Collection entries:
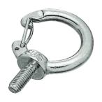 アイボルトは頭部に丸い穴があり、ひもをかけたりフックを取り付けるなどして、重い品物や機械類の吊り上げなどに利用されます。 破断したりリングに変形が生じないよう、保証荷重が定められています。
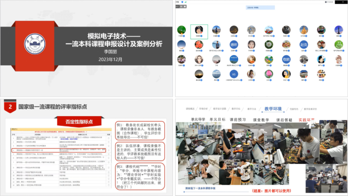 会上,李国丽教授分享“模拟电子技术——一流本科课程申报设计及案例分析”的课程申报经验,分别围绕国家级一流课程建设现状、课程评审指标、申报材料撰写、教学设计样例及说课视频技巧制作等五个方面进行分享交流。她强调,一流本科课程设计要以学生为中心,将项目与理论有机融合,以特色课程设计激发学生学习兴趣,提高学习成效。一流本科课程申报要明确需求、注重细节、反复打磨、突出特色,以高质量内容推进课程建设。
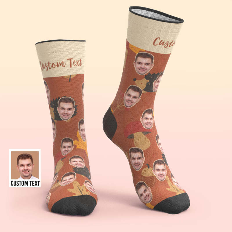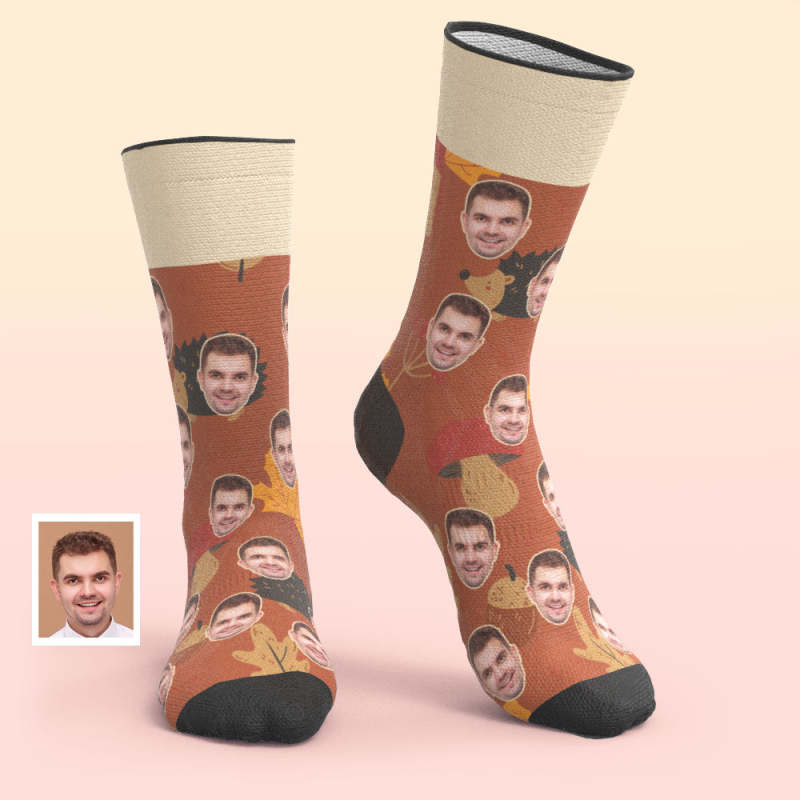 Custom Breathable Face Socks Forest Hedgehog Socks
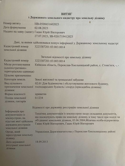 | Земельна ділянка: |
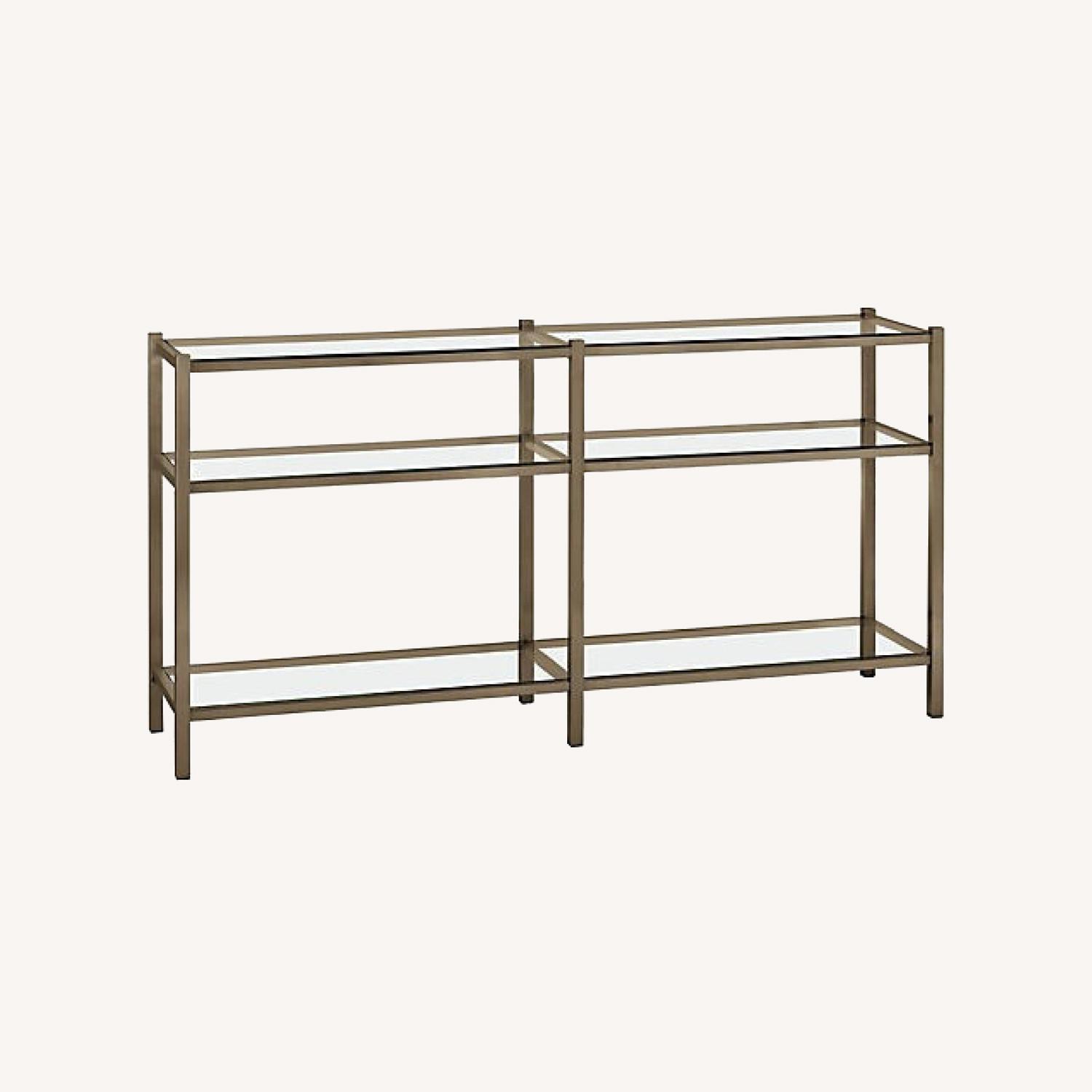 With a nod to Art Deco and mid-century styles, Brixton’s hand-welded stainless steel frame supports sturdy glass shelves. The result is a console table that yields an unexpectedly bright and airy design.
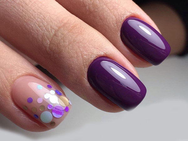 Блестки – как мы любим эти маленькие разноцветные частички, которые заставляют нас радоваться лишь только, взглянув на них. И очень хорошей идей будет добавить в сливовый маникюр, такую радость. Ваши блестки могут быть разных размеров, начиная от самой мелкой, почти пыли, до крупных крупинок.
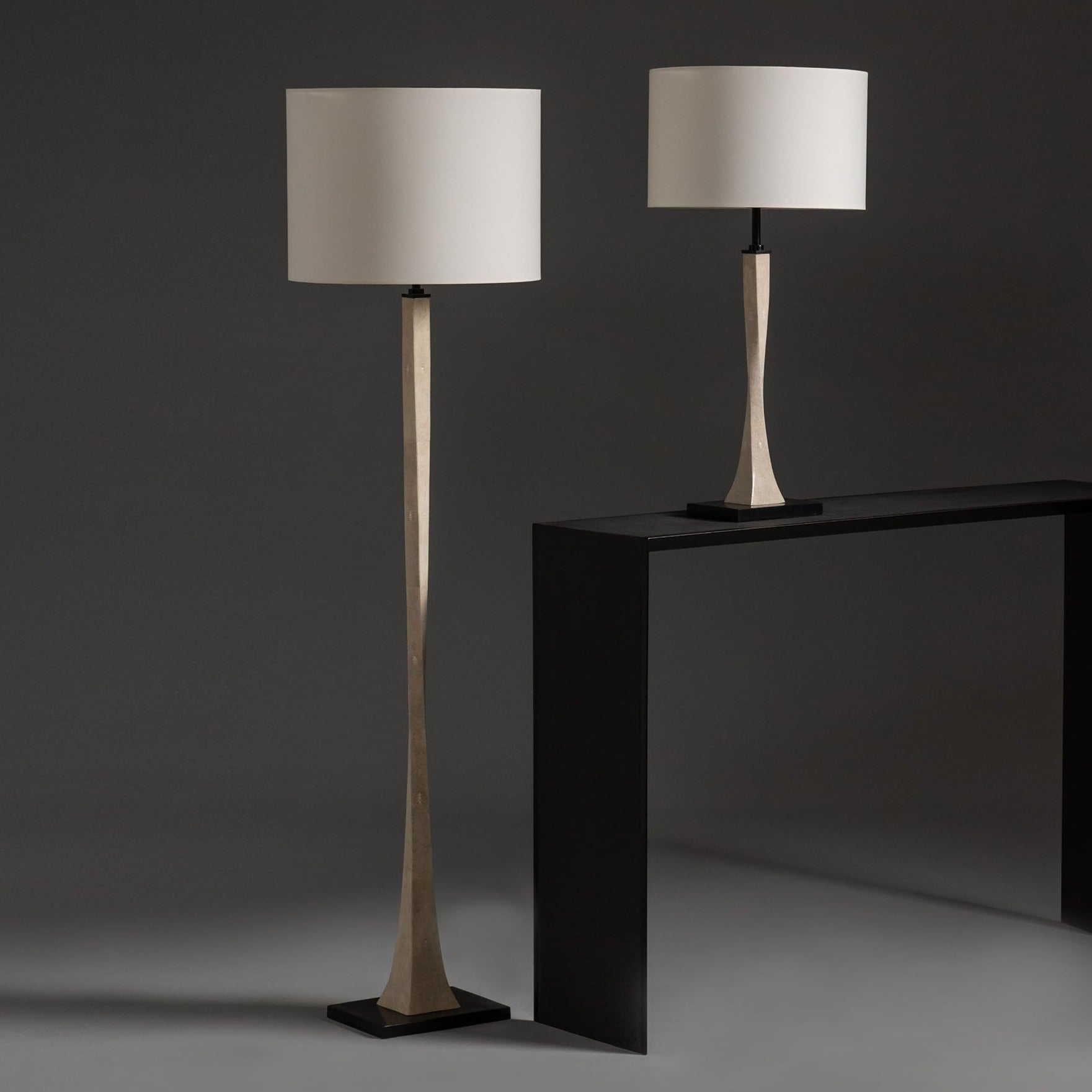 Shagreen and bronze floor lamp produced using the superior lost wax bronze casting process, hand-rubbed and finished in selected patina.
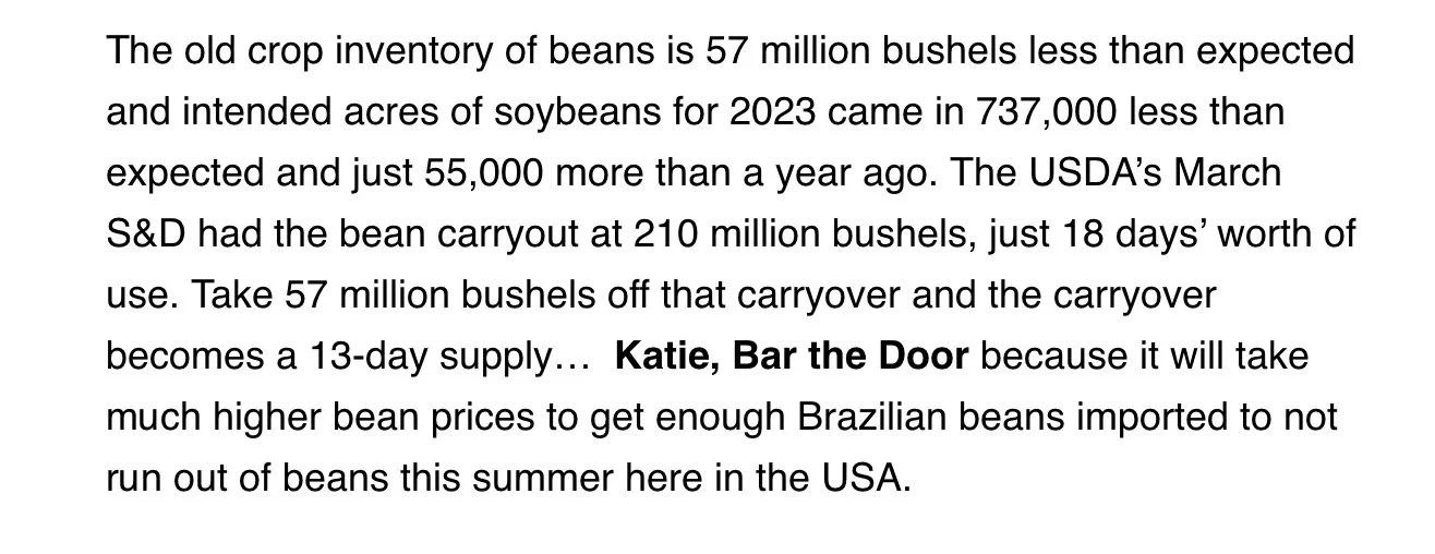 I think the USDA printed numbers last week that helped keep panic from becoming side spread for food shortages. Because the reality is if we only get 90 million acres and we get some hiccups in production and yield like I think we could we open the price possibilities so high that we could break several elevators via margin calls and interest.

What the task asks:
Copy every line exactly, from the opening line of the entries down to the line holding "Земельна ділянка: |", and keep the pictures out.

Result for this exercise:
 アイボルトは頭部に丸い穴があり、ひもをかけたりフックを取り付けるなどして、重い品物や機械類の吊り上げなどに利用されます。 破断したりリングに変形が生じないよう、保証荷重が定められています。
 会上,李国丽教授分享“模拟电子技术——一流本科课程申报设计及案例分析”的课程申报经验,分别围绕国家级一流课程建设现状、课程评审指标、申报材料撰写、教学设计样例及说课视频技巧制作等五个方面进行分享交流。她强调,一流本科课程设计要以学生为中心,将项目与理论有机融合,以特色课程设计激发学生学习兴趣,提高学习成效。一流本科课程申报要明确需求、注重细节、反复打磨、突出特色,以高质量内容推进课程建设。
 Custom Breathable Face Socks Forest Hedgehog Socks
 | Земельна ділянка: |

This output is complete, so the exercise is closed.